Radioactive substances seized by Latvian security services last week have been identified as strontium, which can be used in making a so-called "dirty bomb", a spokesman for the Baltic country's security services said on Wednesday."The radiation security center is investigating the quantity, content, activity time and place of producing this substance. Strontium could be used in making a so-called 'dirty bomb'," Dainis Mikelsons, a press officer at the Constitutional Protection Bureau told AFP.
Latvia's secret service seized the substance last week, saying they had averted a possible threat to state security. The amount seized has not been revealed and will not be known until next week.
Strontium is a rare substance, which is also used as a radioactive isotope.
Like caesium, it is an element that can inflict ionising radiation -- radiation that can cause changes to cell DNA that are often the cause of cancer or can transmit birth deformities.

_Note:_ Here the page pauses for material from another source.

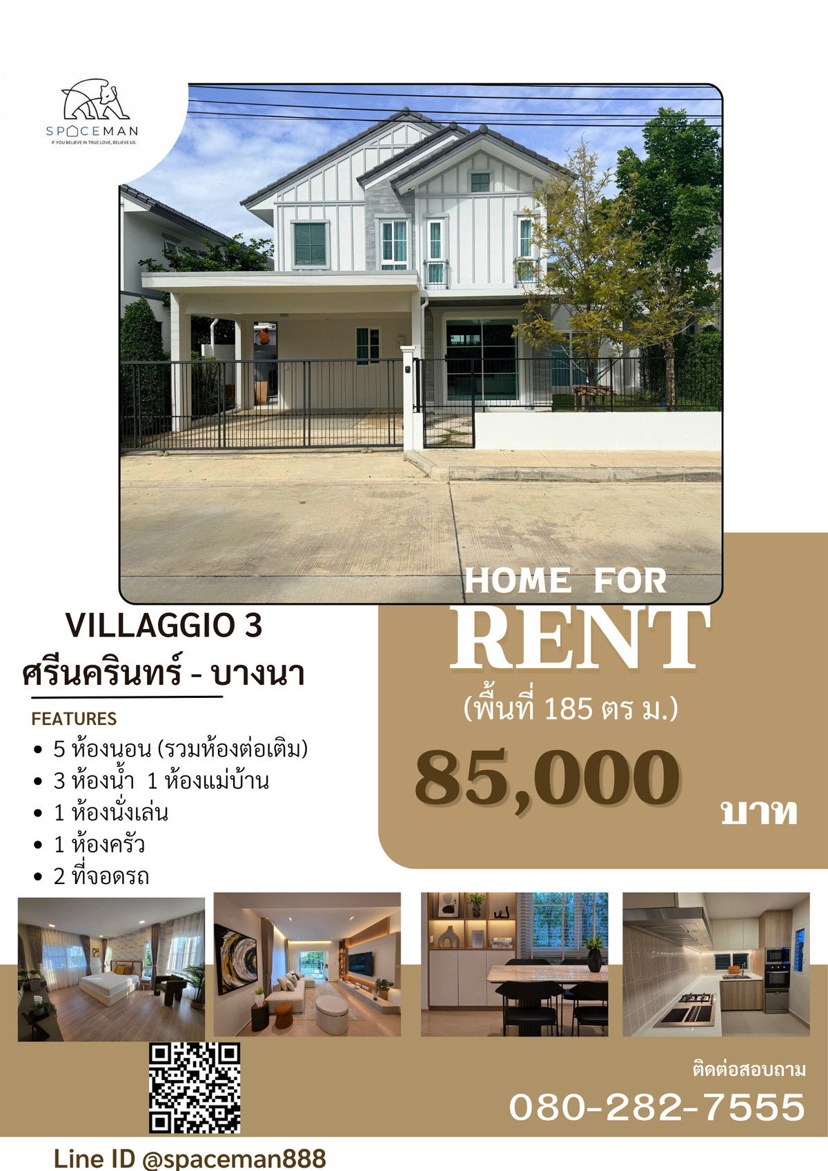 ✅ ราคาเช่า 85,000 บาท / เดือน 📣🌈🏡 เช่าบ้าน Villaggio 3 ศรีนครินทร์ - บางนา ตกแต่งสวย ใกล้Mega บางนา 👉 พื้นที่ใช้สอย 185 ตรม. 👉 5 ห้องนอน 🛁 3 ห้องน้ำ 👉 1 ห้องนั่งเล่น 1 ห้องครัว 🚙 2 ที่จอดรถ 1 ห้องแม่บ้าน ⭐️ ระยะสัญญา 1 ปี ดูแลตลอดอายุสัญญาเช่าค่ะ ⭐️ แรกเข้าชำระ ล่วงหน้า 1 เดือน + ประกัน 2 เดือน 😊 ยินดีรับ co-agent ♥️ สนใจติดต่อ คุณมีน (Agent) ☎️ Tel. คลิกเพื่อดูเบอร์โทรติดต่อ Line Official : @spaceman888 WeChat ID : spaceman8889 #เช่าบ้านวิลาจิโอ้3บางนา #เช่าบ้านvillaggioบางนา #บ้านเช่าบางนา #บ้านเช่าใกล้เมกะบางนา

Strontium takes a long time to decay to safe levels, which -- in theory -- would make it useful for making a "dirty bomb": a device that would explode and spew radioactive material over parts of a city or a complex, making them unhabitable for a long while.
Mikelsons said that four people who had been detained on October 23 in the corridor of the University of Latvia's solid-state radiation chemistry laboratory in connection with the find had since been released.
"Latvian laws do not envisage bringing to trial persons suspected of illegal handling of radioactive substances if not repeated within a one-year period," Mikelsons said.
He declined to identify the people concerned, but stressed that they are not from the laboratory where they had been detained.
Kristine Apse-Krumina, an aid of the Security Police chief, said a thorough analysis of the substance had been carried out at the Radiation Security Center and that the experts' conclusion would be ready in a week.